======== AVAILABLE RECORDS

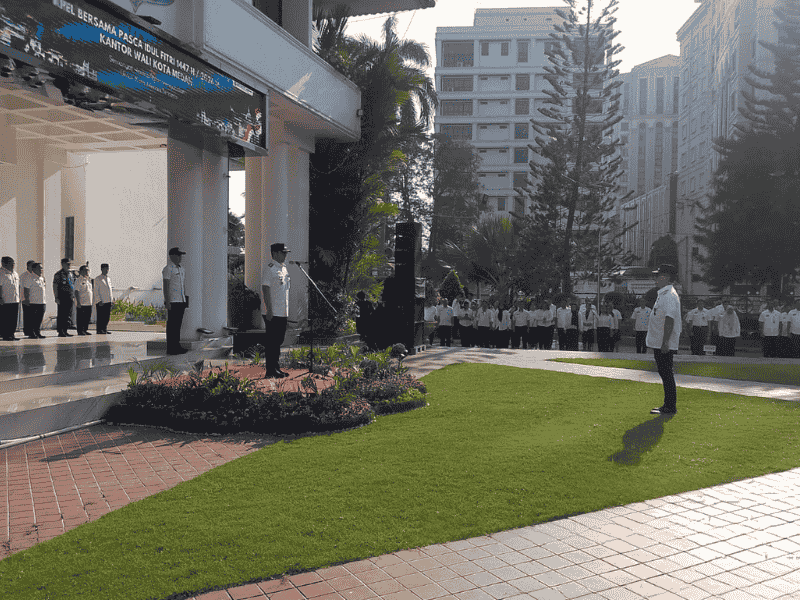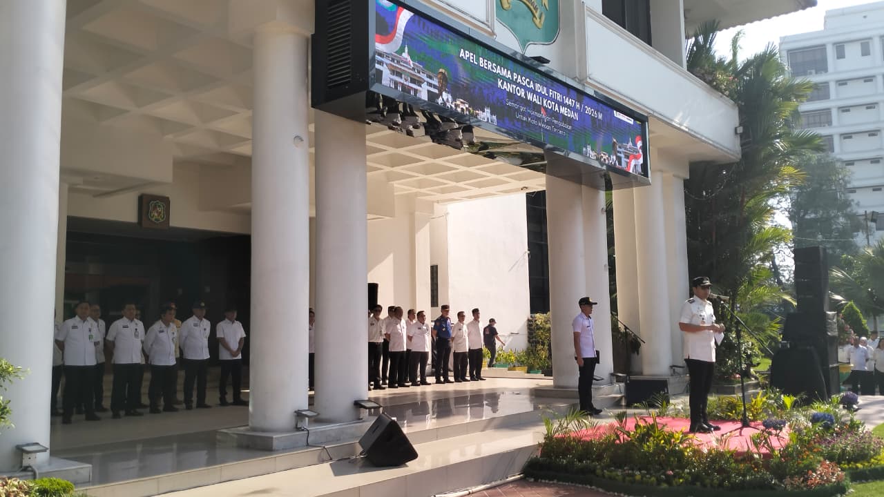 Apel bersama pasca Hari Raya Idul Fitri yang dilaksanakan pada hari Rabu, 25 Maret 2026 di Kantor Wali Kota Medan merupakan kegiatan resmi Pemerintah Kota Medan untuk mengawali kembali aktivitas pemerintahan setelah libur dan cuti bersama Lebaran.
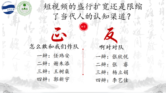 上半场比赛,由答辩主席付炀介绍了辩题。在当今科技与大数据时代,内容丰富、形式多样、规模极小的短视频,成为越来越多人的选择。而短视频的盛行究竟是扩宽还是限缩了当代人的认知渠道?让我们跟随正方“怎么敢和我们作队”和反方“啊对对队”的辩手们来一探究竟吧!
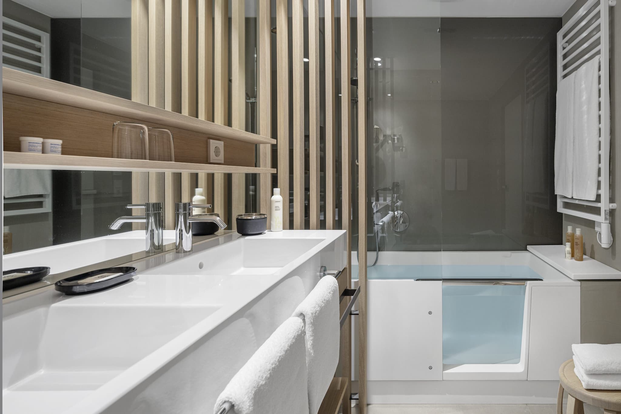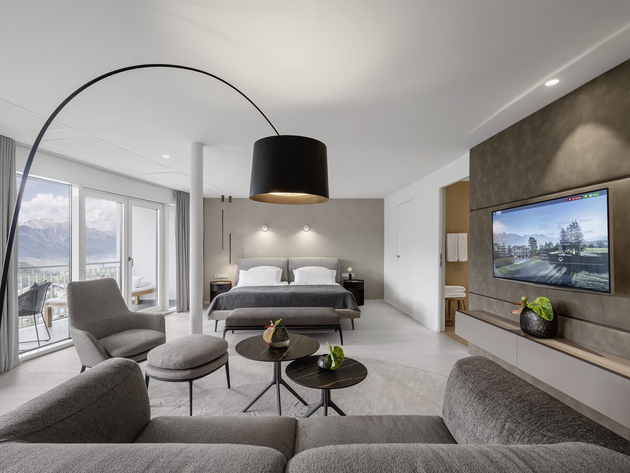Großzügiges Appartement für 2 Personen, 45 m², Schlaf- / Wohnbereich mit Twinbed und 2 Sofas, Schreibtisch, begehbarer Schrank, Balkon, Bad mit Badewanne und separates WC.
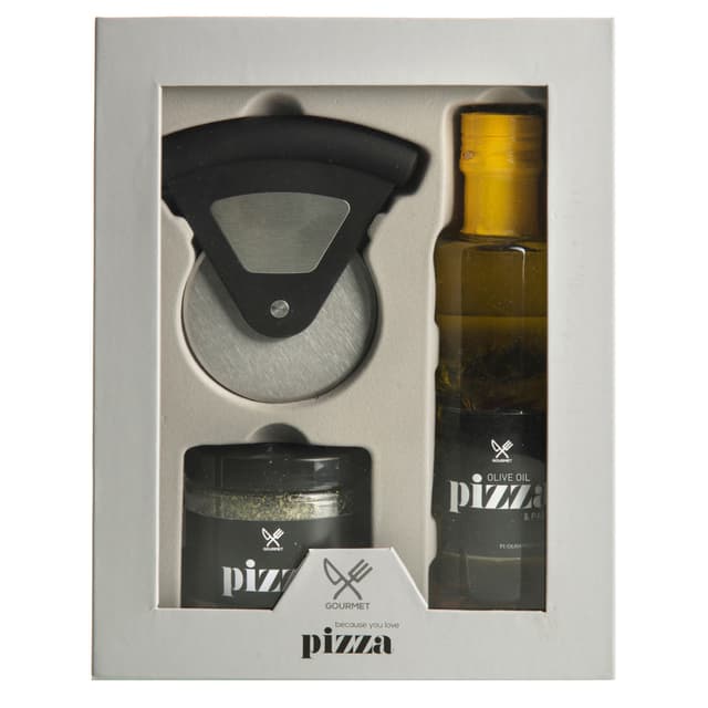 Cemo Gourmet CEMO6701 tuotepakkaus sopii erinomaisesti lahjaksi. Pakkaus sisältää ruostumattomasta teräksestä valmistetun pizzahyrrän, maustesekoituksen ja oliiviöljyä.
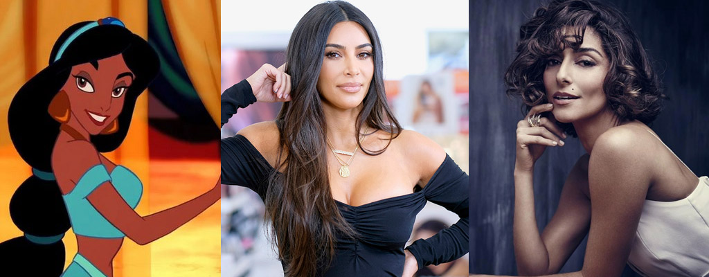 Восточная красота принцессы Жасмин проявляется в звезде реалити-шоу Ким Кардашьян и американской актрисе и фотомодели Некар Задеган.
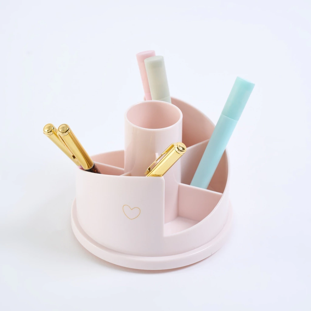 Lapicero de 1 pieza. Tiene 7 espacios contenedores con un sistema giratorio. Ideal para organizar tus lapices o brochas de makeup.
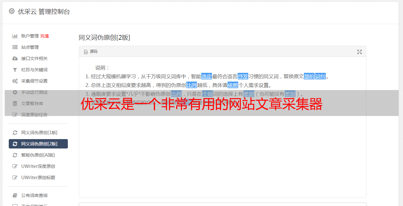 总之,优采云是一个强大的工具,可以帮助用户快速有效地将来自各个网站的内容整合到一起,并通过SEO优化、数据分析和其他功能来最大化内容的影响力。如果你正在寻找一个出色的文章采集工具,不妨试试优采云(www.ucaiyun.com )。

================

_TASK ITEM_.
The preceding listing is to be restated word for word, with every picture omitted.

_FINAL ANSWER_.
 Apel bersama pasca Hari Raya Idul Fitri yang dilaksanakan pada hari Rabu, 25 Maret 2026 di Kantor Wali Kota Medan merupakan kegiatan resmi Pemerintah Kota Medan untuk mengawali kembali aktivitas pemerintahan setelah libur dan cuti bersama Lebaran.
 上半场比赛,由答辩主席付炀介绍了辩题。在当今科技与大数据时代,内容丰富、形式多样、规模极小的短视频,成为越来越多人的选择。而短视频的盛行究竟是扩宽还是限缩了当代人的认知渠道?让我们跟随正方“怎么敢和我们作队”和反方“啊对对队”的辩手们来一探究竟吧!
Großzügiges Appartement für 2 Personen, 45 m², Schlaf- / Wohnbereich mit Twinbed und 2 Sofas, Schreibtisch, begehbarer Schrank, Balkon, Bad mit Badewanne und separates WC.
 Cemo Gourmet CEMO6701 tuotepakkaus sopii erinomaisesti lahjaksi. Pakkaus sisältää ruostumattomasta teräksestä valmistetun pizzahyrrän, maustesekoituksen ja oliiviöljyä.
 Восточная красота принцессы Жасмин проявляется в звезде реалити-шоу Ким Кардашьян и американской актрисе и фотомодели Некар Задеган.
 Lapicero de 1 pieza. Tiene 7 espacios contenedores con un sistema giratorio. Ideal para organizar tus lapices o brochas de makeup.
 总之,优采云是一个强大的工具,可以帮助用户快速有效地将来自各个网站的内容整合到一起,并通过SEO优化、数据分析和其他功能来最大化内容的影响力。如果你正在寻找一个出色的文章采集工具,不妨试试优采云(www.ucaiyun.com )。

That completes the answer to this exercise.